Ad hoc policymaking

Published April 27, 2021
The writer teaches economics and development at SZABIST, Islamabad.
The writer teaches economics and development at SZABIST, Islamabad.

ASSUME a policy is ‘bad’ to begin with. Implemented consistently, it will likely get some groups to favour it, and some stakeholders to trust it. Thus, counter-intuitively, even if a policy starts with a weak basis, it may become a success over time; thanks to the thrust from its politico-economic dividends to various interest groups. Though not ideal, the economy gets the impetus it needs. Sometimes, this is unavoidable.

Contrast this with a neatly crafted policy, with fairness at its core, which may even be revolutionary in spirit. Try to change everything at once, and it is bound to become erratic. Ultimately, the desire to build an overnight paradise results in failure brought about by the exuberance of good intentions.

Policy inconsistency is perhaps the reason for Pakistan’s abysmal development record. While our South Asian peers focused on human development, and building better institutions, we have been obsessed with the illusion of growth.

Autocratic governments in Pakistan did catalyse growth, and even accelerated human development in some respects. Yet, at the same time they wreaked havoc on institutional development. Thus Pakistan had bouts of dictator-led growth, but without a trajectory ever taking hold. It was growth without deeper groundwork or an ecosystem to carry the momentum.

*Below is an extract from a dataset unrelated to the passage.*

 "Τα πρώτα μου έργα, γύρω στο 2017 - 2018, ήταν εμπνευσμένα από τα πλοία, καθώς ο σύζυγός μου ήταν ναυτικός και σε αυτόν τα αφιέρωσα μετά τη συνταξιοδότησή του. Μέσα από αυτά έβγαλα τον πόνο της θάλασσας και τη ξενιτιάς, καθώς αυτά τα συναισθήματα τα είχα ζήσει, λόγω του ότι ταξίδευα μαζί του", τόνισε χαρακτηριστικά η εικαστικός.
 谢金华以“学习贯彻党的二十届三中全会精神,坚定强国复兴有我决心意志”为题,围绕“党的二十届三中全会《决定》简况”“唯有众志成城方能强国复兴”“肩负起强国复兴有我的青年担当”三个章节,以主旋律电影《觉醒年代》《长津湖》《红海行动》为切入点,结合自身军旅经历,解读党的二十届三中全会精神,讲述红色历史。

The desire to build an overnight paradise results in failure.

Whether in the 1960s, 1980s, or the 2000s, the aim remained to legitimise the regime on the basis of growth, which was in turn helped by aid, and assent for international financial flows from the US. In the 1960s and 1980s, we were partners in the Cold War, and in the 2000s, in the embarrassment that was called the ‘War on Terror’.

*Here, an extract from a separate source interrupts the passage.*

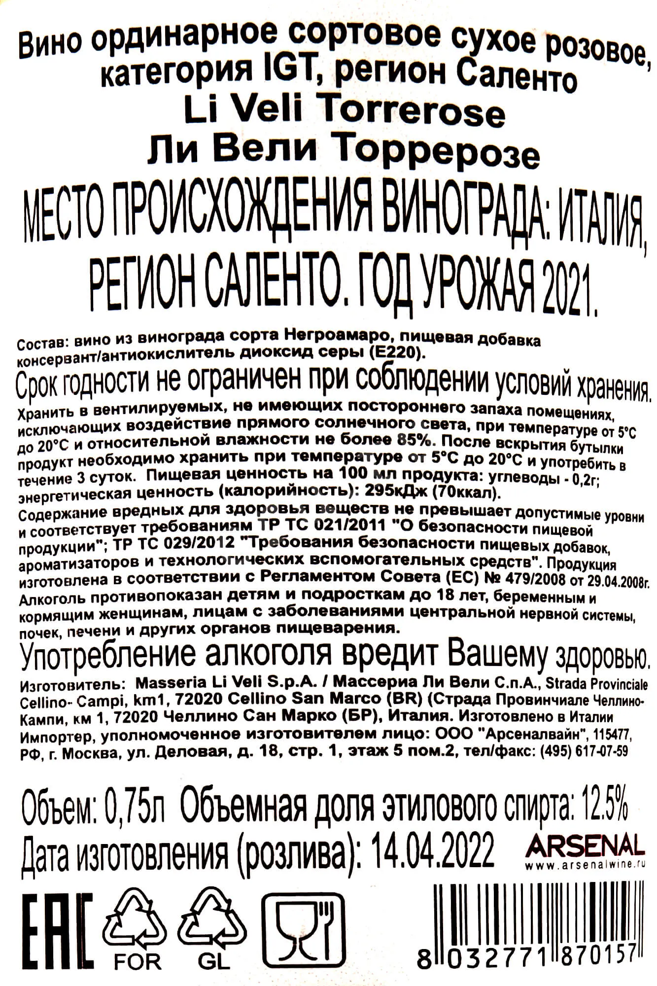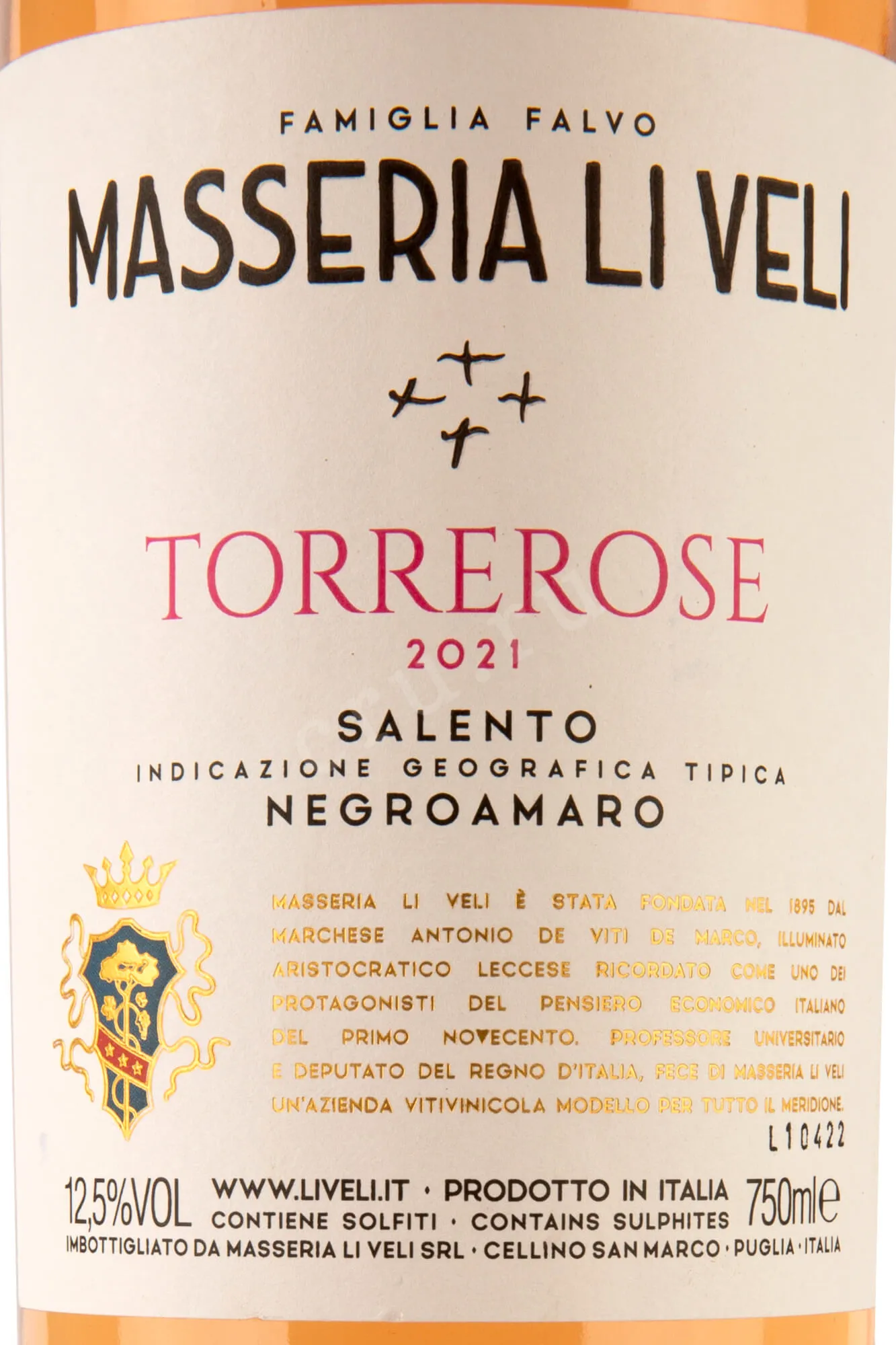 Li Veli Torrerose IGT 2021 0.75 л купить - Итальянское вино Ли Вели Торрерозе ИГТ цена в магазине г. Москва, ул. Профсоюзная, д. 16/10 10:00-22:00 Ежедневно +7 (495) 920-20-02 info@cru.ru

Institutions and the capacity for independent thinking and developing indigenous solutions were largely irrelevant for these times. The focus remained on enforcement of the reveries of the person at the helm. The democratic times, in the precious few windows they were permitted, were only nominally democratic. Political governments were weak and remained on edge.

But there was also an opportunity for politicians in, what Oscar Wilde would call feigning the ‘charm of weakness’. Political governments were absolved of responsibility. While dictatorships did derail the establishment of institutions, a political byproduct of this was the facility of conveniently accusing the military for essentially every issue that got out of the politicians’ hands.

Thus, the unrelenting interruptions of democratic governments by autocratic regimes created problems that extended into relatively democratic times. In terms of economics, unless someone is naive enough to calculate the average of erratic values, Pakistan, unlike other South Asian countries, did not develop a long-term growth trend.

What about the shorter run? The time horizon of five years for a country like Pakistan was always daunting. Each government faced a trade-off between long-term reforms that could benefit the country and short-term spen­­ding on flashy projects that would charm the voters.

No rational politician would choose the former. Even if someone did take the plunge, longer-term projects and reforms were sabotaged by the governments that followed to prevent the initiator from gaining political mileage.

So things turned out to be even more testing in the shorter run.

Enter Khan. Pressed by his ambition and grand promises on one hand, and limited time and resources on the other, what transpired was a terribly mercurial policy. Ministries in a constant state of flux, bureaucracy in perpetual rotation, a new adversary provoked every dawn — it has been chaos.

The latest is the fate of the IMF-programme which hangs in the balance with Shaukat Tarin, a Fund-sceptic, chosen to head finance. If his interviews are any indication of his thou­g­­ht process, there is confusion on the monetary vis-à-vis fiscal functions of the economy. His sol­ution begins with lowering the policy rate, goes to bringing down inflation simultaneously, and proceeds seamlessly into the blessed land of economic growth. How this will be seen by the clear-headed State Bank chief Dr Reza Baqir and the IMF is anybody’s guess.

To revert, when the economy was already under stress due to the double curse of stagnation and inflation (stagflation), the government created a new crisis. The confidence that was just developing from the improvement in exports, an increase in remittances and the strengthening of the rupee (one of the best-performing currencies in 2021) reflected in the successful issuance of the Eurobonds, received a fresh blow — not from Brutus but from Caesar himself.

Khan Sahib, thanks to his illustrious cricketing past, still seems to cherish his aggressiveness and unpredictability. But what he considers daring and bold, the markets see as unthoughtful and erratic. Ad hoc and inconsistent policymaking in the shorter and longer term needs to change for good, if a real change there is to be. Will it?

The writer teaches economics and development at SZABIST, Islamabad.